An interlude: integer division
So far we’ve just been using the modulo operator to reduce our input domain to a
much smaller one. However, integer division/modulo is rather slow on most
processors. If we take a look at Agner Fog’s instruction
tables we see that the 32-bit DIV
instruction has a latency of 9-12 cycles on AMD Zen3 and 12 cycles on Intel Ice
Lake. However, we don’t need a fully generic division instruction, since our
divisor is constant here. Let’s take a quick look at what the compiler does for
mod 13:
pub fn mod13(x: u32) -> u32 {
x % 13
}
example::mod13:
mov eax, edi
mov ecx, edi
imul rcx, rcx, 1321528399
shr rcx, 34
lea edx, [rcx + 2*rcx]
lea ecx, [rcx + 4*rdx]
sub eax, ecx
ret
It translates the modulo operation into a multiplication with some shifts / adds / subtractions instead. To see how that works let’s first consider the most magical part: the multiplication by $1321528399$ followed by the right shift of $34$. That magical constant is actually $\lceil 2^{34} / 13 \rceil$ which means it’s computing
$$q = \left\lfloor \frac{x \cdot \lceil 2^{34} / 13 \rceil}{2^{34}}\right\rfloor = \lfloor x / 13 \rfloor.$$
To prove that is in fact correct we note that $2^{34} + 3$ is divisible by $13$ allowing us to split the division in the correct result plus an error term:
$$\frac{x \cdot \lceil 2^{34} / 13 \rceil}{2^{34}} = \frac{x \cdot (2^{34} + 3) / 13}{2^{34}} = x / 13 + \frac{3x}{13\cdot 2^{34}}.$$
Then we inspect the error term and substitute $x = 2^{32}$ as an upper bound to see it never affects the result after flooring:
$$\frac{3x}{13\cdot 2^{34}} \leq \frac{3 \cdot 2^{32}}{13\cdot 2^{34}} \leq \frac{3}{13 \cdot 4} < 1/13.$$
For more context and references I would suggest “Integer division by constants: optimal bounds” by Lemire et. al.

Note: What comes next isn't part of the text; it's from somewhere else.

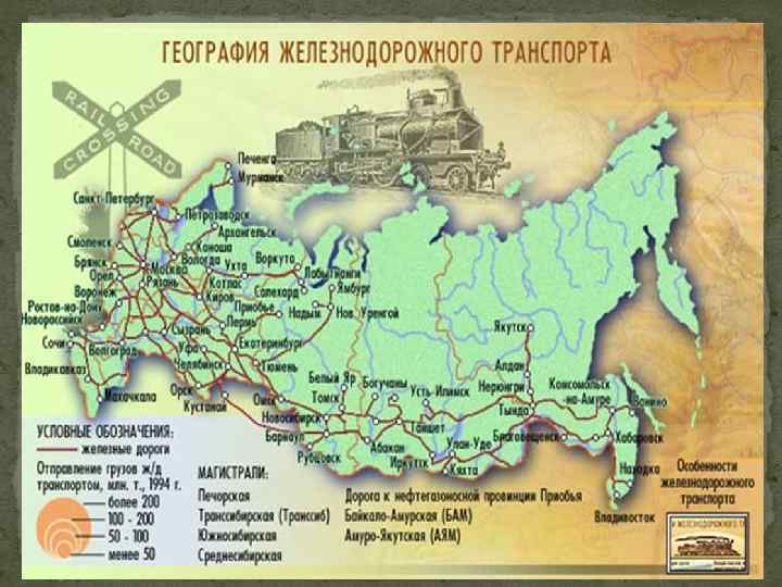 География российских железных дорог География железных дорог в европейкой и азиатской частях страны отличаются. Дороги европейской части имеют радиально-кольцевую структуру. Ее центр. Москва, от которой в разные стороны расходятся 11 железнодорожных радиусов. Кольцевые железные дороги построены на расстоянии примерно 100 и 300 км от Москвы. Главная проблема такой сети дорогоперегруженность ее центральной части и снижение густоты дорог на окраинах. В азиатской части страны дороги в основном широтного направления. Они проходят по ее южной части. Значение этих дорог для страны велико, что они имеют собственные названия.
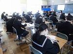 写真は、ガイダンスを受ける生徒の皆さん(右下の写真は、体育館で行った保健体育の授業)

After computing $q = \lfloor x/13\rfloor$ it then computes the actual modulo we
want as $m = x - 13q$ using
the identity $$x \bmod m = x - \lfloor x / m \rfloor \cdot m.$$
It avoids the use of another (relatively) expensive integer multiplication by using
the lea
instruction which can compute a + k*b
, where k
can be a constant
1, 2, 4, or 8. This is how it computes $13q$:
Instruction Translation Effect
lea edx, [rcx + 2*rcx] t := q + 2*q t = 3q
lea ecx, [rcx + 4*rdx] o := q + 4*t o = (q + 4*3q) = 13q
Bit mixing
We have seen that choosing different moduli works, and that compilers implement fixed-divisor modulo using multiplication. It is time to cut out the middleman and go straight to the good stuff: integer multiplication. We can get a better understanding of what integer multiplication actually does by multiplying two integers in binary using the schoolbook method:
4242 = 0b1000010010010
4871 = 0b1001100100111 = 2^0 + 2^1 + 2^2 + 2^5 + 2^8 + 2^9 + 2^12
Binary Decimal
1000010010010 | 4242 * 2^0
1000010010010 | 4242 * 2^1
1000010010010 | 4242 * 2^2
1000010010010 | 4242 * 2^5
1000010010010 | 4242 * 2^8
1000010010010 | 4242 * 2^9
1000010010010 | 4242 * 2^12
-------------------------------|---------------- +
1001110110100100111111110 | 20662782
There is a beautiful property here we can take advantage of: all of the upper
bits of the product $x \cdot c$ for some constant $c$ depend on most of the bits
of $x$. That is, for good choices of the constants $c$ and $s$, c*x >> s
will
give you a result that is wildly different even for small differences in $x$. It
is a strong bit mixer.
Hash functions like bit mixing functions, because they want to be unpredictable. A good measure of unpredictability is found in the avalanche effect. For a true random oracle changing one bit in the input should flip all bits in the output with 50% probability. Thus having all your output bits depend on the input is a good property for a hash function, as a random oracle is the ideal hash function.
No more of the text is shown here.